The Queen Elizabeth Story
- First edition
- Author: Rosemary Sutcliff
- Cover artist: C. Walter Hodges
- Language: English
- Genre: Historical fiction
- Publisher: Oxford University Press
- Publication date: 1952
- Media type: Print
- Pages: 208

= The Queen Elizabeth Story =

1952 children's novel by Rosemary Sutcliff

The Queen Elizabeth Story is a 1952 children's historical novel by Rosemary Sutcliff, originally published by Oxford University Press.

==Plot summary==
Nine-year-old Perdita Pettle lives in Broomhill, a quiet village in the county of Devon, in Devonshire, where her father is the rector. Because she was born close to midnight on Midsummer, she has always been able to see fairies, or Pharisees, in the shady lanes and flowering gardens near her home. On her previous birthday, she was called out by the Pharisees to make a wish that will be granted in a year and day - Perdita wishes to meet Queen Elizabeth.

At the summer fair, Perdita's older brother Robin introduces her to Adam, a boy whose family owns a manor house in Broomhill. They become friends and Perdita shares her wish to meet Queen Elizabeth. When Robin returns from school during Christmas Eve later that year, he brings Adam, who has been left alone by his guardians. Robin reveals a rumour that the Queen will visit Devonshire next summer, and Adam invites Perdita to the empty manor house where they have a party conjured by Adam's imagination. Throughout the year, Perdita hears fantastic stories from her father, her Great-Aunt Phoebe, mummers at Christmas, and a ship captain.

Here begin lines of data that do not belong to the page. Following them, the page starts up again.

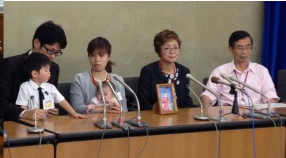
2013年6月19日大臣要請・記者会見(1回目)
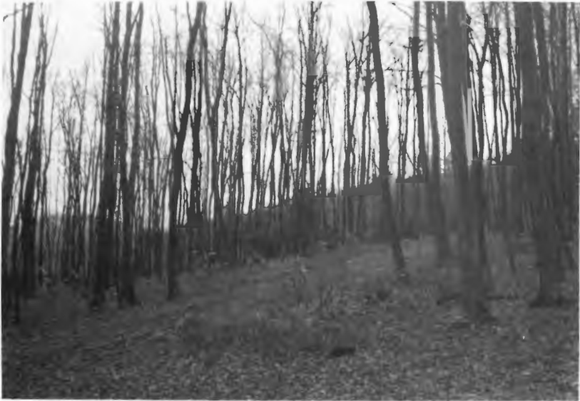
Abb. 1: Habitat von Nothocasis sertata bei Arnstberg Obereimer. Mischbestand von Eiche, Rotbuche und Birke. Eingestreut sind vereinzelt niedrige Bergahorn-Bäumchen.

chen fehlt. Die natürliche Flügelspannweite beträgt bei beiden Geschlechtern 27 bis 32 mm.
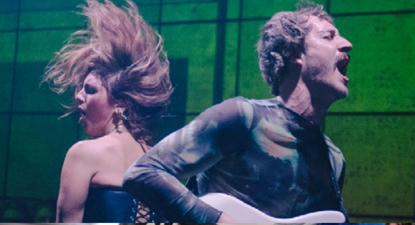
ARTE Concert Festival
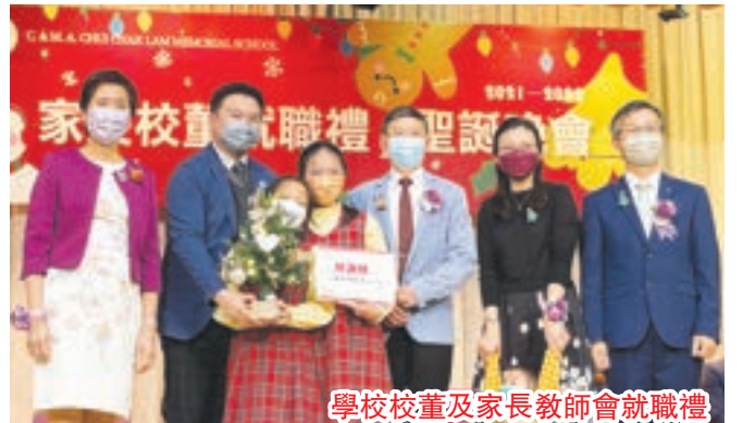
學校校董及家長教師會就職禮

故此，今年當兒子5歲適合升讀幼稚園時，我們便開始在家附近搜集有關基督教學校的資料。一天得悉某間教會學校當晚舉行一個簡介會，於是在沒有報名的情況下，便參與了當晚的活動，也索取了新生報名表。當知道幼稚級新生學額不多時，我們便懇切地為兒子報讀幼稚園一事禱告，也把我們的經濟狀況交託神，深信祂會供應。報名表預

Just before Midsummer, the Queen passes through Broomhill, on her way to the great manor house owned by Adam's uncle. Perdita is unable to see Queen Elizabeth pass because she had eaten herself sick from gooseberries the day before, but Robin helps her see the Queen from the window. Although they are only able to see her from a distance, they are both deeply moved by the sight of the Queen. Hoping for another opportunity for Perdita to see the Queen in person, Robin asks Adam to find a way for Perdita to be presented to Queen Elizabeth. Adam sneaks into the Queen's garden to inform of her of Perdita's woes and begs for an invitation for Perdita to attend next evening's ball. Queen Elizabeth agrees.

Perdita and her family attend the ball, where Perdita is received by the Queen with Adam and Robin. Queen Elizabeth gives Perdita a knot of ribbons from her dress to wear as a favour, and promises the same to Robin and Adam when they meet her again as a successful sailor and farmer respectively. Years later, Perdita and Adam have married and have two children, and Perdita now has two Queen Elizabeth stories to tell her children: her mother's story and her own.